By definition, a child soldier
by
Adamatari
07/15/2008, 8:07 PM #
Omar Khadr certainly was fighting on the side of the "worst of the worst" - but he was 15! It is quite clear that he was trained from a young age and brought up to participate in war and terrorism. While I wouldn't hesitate to defend myself from anyone of any age, in the context of a captured prisoner who was brought up into military service, the treatment he's recieved is immoral and dumb.
It is universally acknowledged that the young are not as culpable as adults, and that child soldiers are victims as well as perpetrators. All effort is made, in other cases, to rehabilitate and save these children. Apparently this is another place where the US differs... This child was brought up in a family of terrorists, then captured while still a child. Instead of working to redeem him, they have worked to ruin him.

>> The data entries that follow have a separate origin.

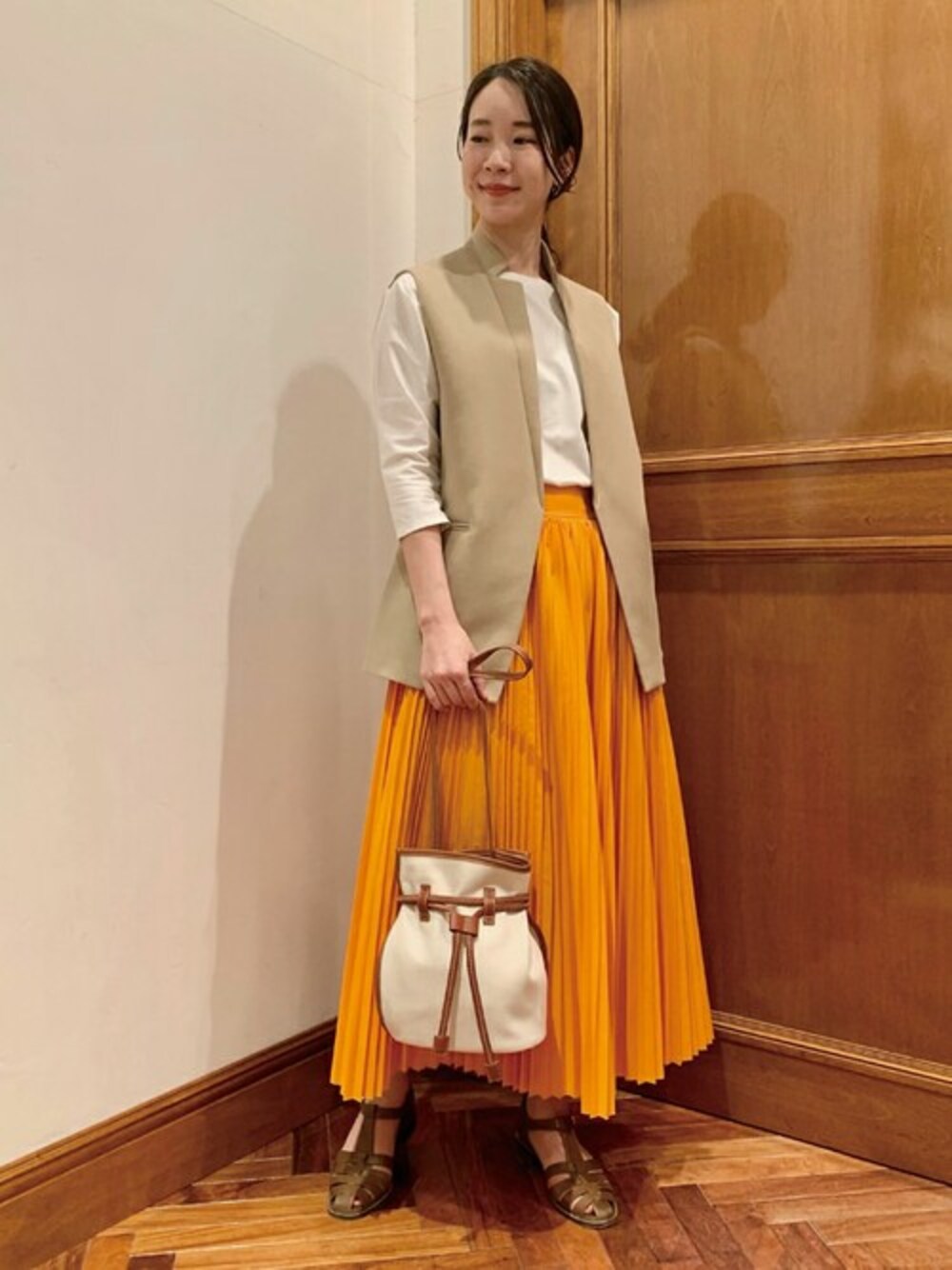 ハリのあるウェザー生地を使用したプリーツスカートは、ボリュームがありながらもウエスト周りはスッキリと見えるようにデザインされています。 ボックスシルエットのベストを合わせて、程よいラフさを取り入れたスタイリングにしました。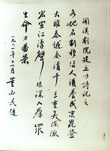 武漢漢劇院是全國有較大影響的藝術(shù)團(tuán)體,其前身為武漢漢劇團(tuán)。一九六二年在周恩來總理的關(guān)懷下,正式建院,國家副主席董必武贈詩:“京昆登大雅、秦越奏清平,尊重吳陳派,宏宣江漢聲,根深如群眾,生命力蕃榮”以示祝賀。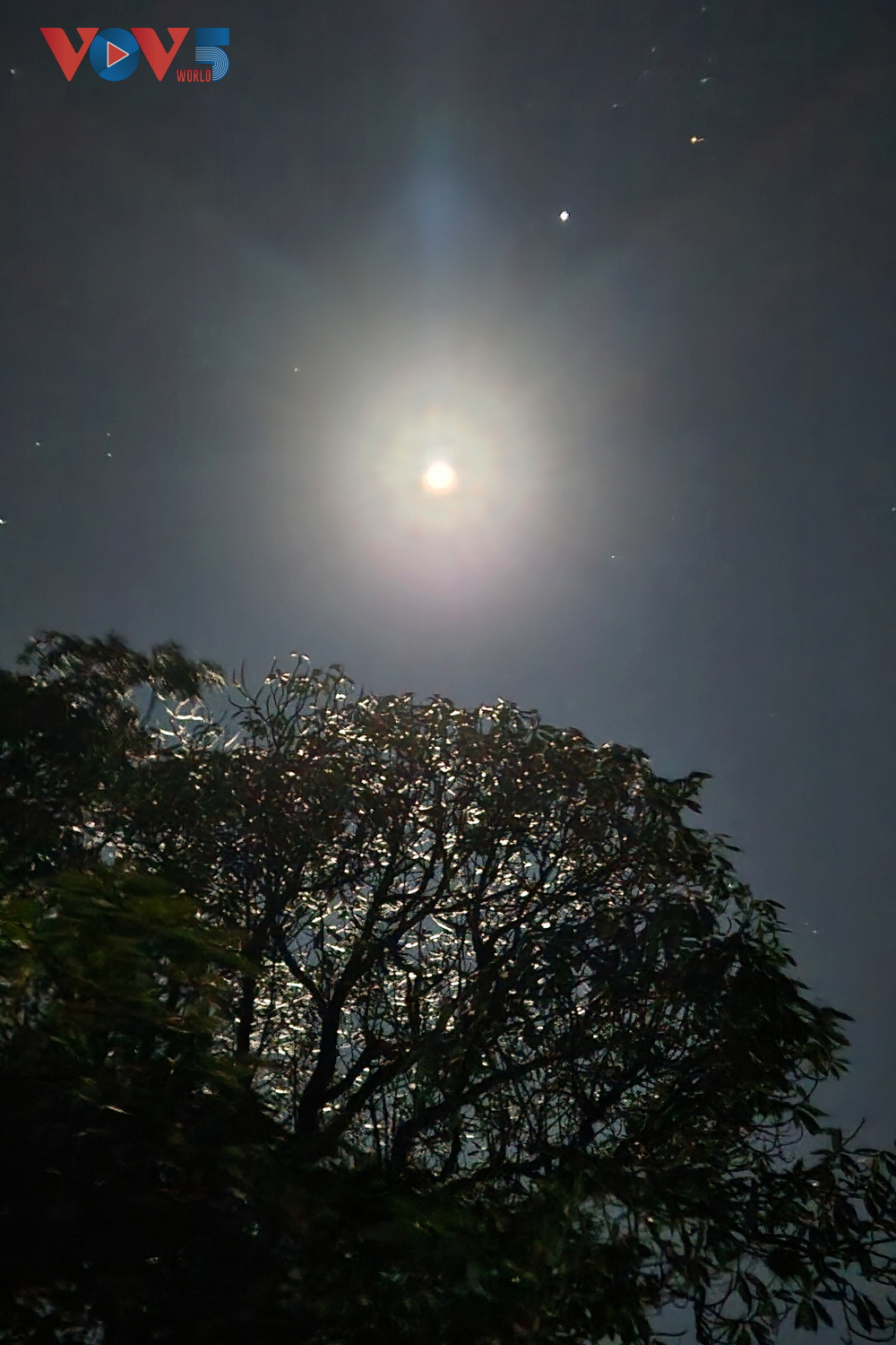 | Tại lán nghỉ, du khách có thể thấy rõ băng đóng trên những tán lá cây dưới ánh trăng sáng. |

This was a potential PR coup for the US and its allies - "Child Soldier Saved". Canada could have used this to imprison his mother, who clearly is guilty of gross child abuse along with his dead father for training and allowing this child to go to war. The facts of this case speak for themselves.
Protecting the weak (such as children) is a cornerstone of morality. To add to their wounds is wrong in every possible way. This is the morality we've accepted, the same morality embraced by the family that worked the first stage of his ruin. We are the terrorists now.